The Reserve Bank of India (RBI) decided to maintain the repo rate at 5.25% during its latest Monetary Policy Committee (MPC) meeting. The Standing Deposit Facility (SDF) rate remains at 5%, while the Marginal Standing Facility (MSF) rate stays at 5.50%, as stated by RBI Governor Sanjay Malhotra. Looking ahead, the Governor acknowledged the challenges of 2025 but mentioned a decrease in inflation since the October policy.
High-frequency indicators up to February suggest a sustained strength in economic activity, according to Malhotra. The growth momentum is being fueled by robust private consumption and steady investment demand. Malhotra emphasized the positive impact of GST rationalization and the buoyant services sector on urban consumption, which is expected to strengthen further.
Despite the positive outlook, the MPC expressed concerns about global uncertainties. The Governor highlighted the risks posed by conflicts impacting energy and infrastructure, which could affect both inflation and growth prospects. Additionally, Malhotra cautioned about the potential macroeconomic pressures from elevated crude oil prices, which might lead to increased imported inflation and a wider current account deficit.
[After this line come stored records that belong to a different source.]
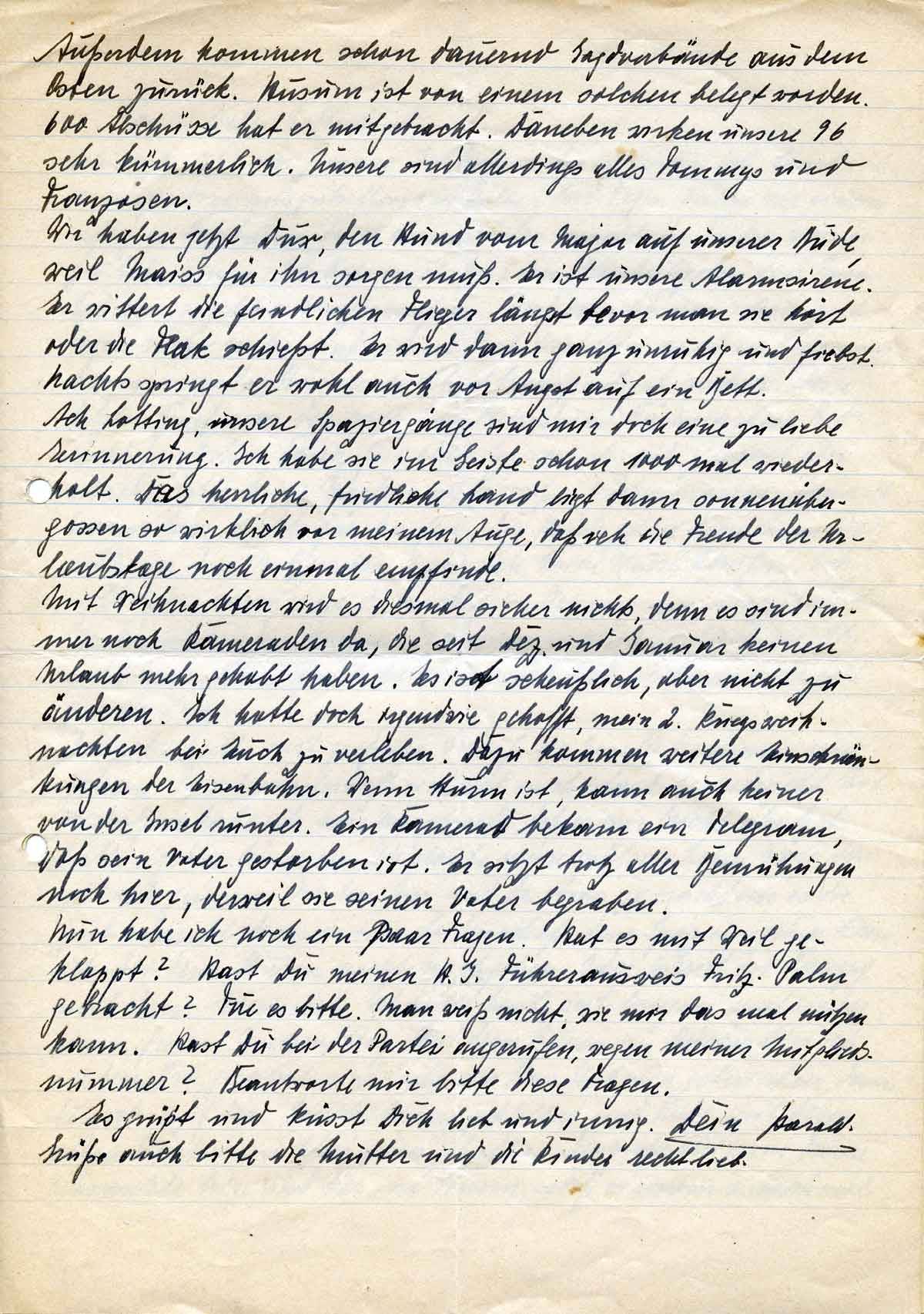 Wir haben jetzt Dux, den Hund vom Major auf unserer Bude, weil Maiss für ihn sorgen muß. Er ist unsere Alarmsirene. Er wittert die feindlichen Flieger längst bevor man sie hört oder die Flak schießt. Er wird dann ganz unruhig und fiebst. Nachts springt er wohl auch vor Angst auf ein Bett.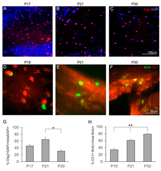 Development of oligodendrocytes in opossums. (A–C) Olig2 (red) and DAPI (blue) immunostaining in the anterior commissure of opossums at P17 (A), P21 (B) and P30 (C). (D–F) BrdU (green) and CC1 (red) immunolabeled cells in brain sections presenting the anterior commissure in opossums at P19 (D), P21 (E) and P30 (F). (G,H) Percentage of cells colocalizing Olig2 and DAPI (G) or BrdU and CC1 (H) expressed as mean ± SEM. * p = 0.02, ** p < 0.0001. The scale bar in (C), and (F) refers to (A,B), and (D,E), respectively.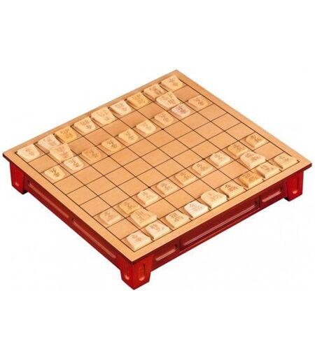 Shogi Tisch: Kiefer, braun und rotbraun gebeizt, Spielfeld bedruckt, zwei Schubfächer, Maße 270 x 250 x 50 mm. Spielsteine: Buche, 40 Stück. ...

The Governor also pointed out the possibility of weaker global growth affecting external demand and remittance flows. Under the revised GDP series, the real GDP growth for the previous year is reported at 7.6%. Malhotra warned about the impact of potential disruptions in the Strait of Hormuz on the current year’s growth. However, he acknowledged the government’s proactive measures to ensure the availability of essential inputs across critical sectors, helping to mitigate supply chain disruptions and maintain optimistic business sentiment.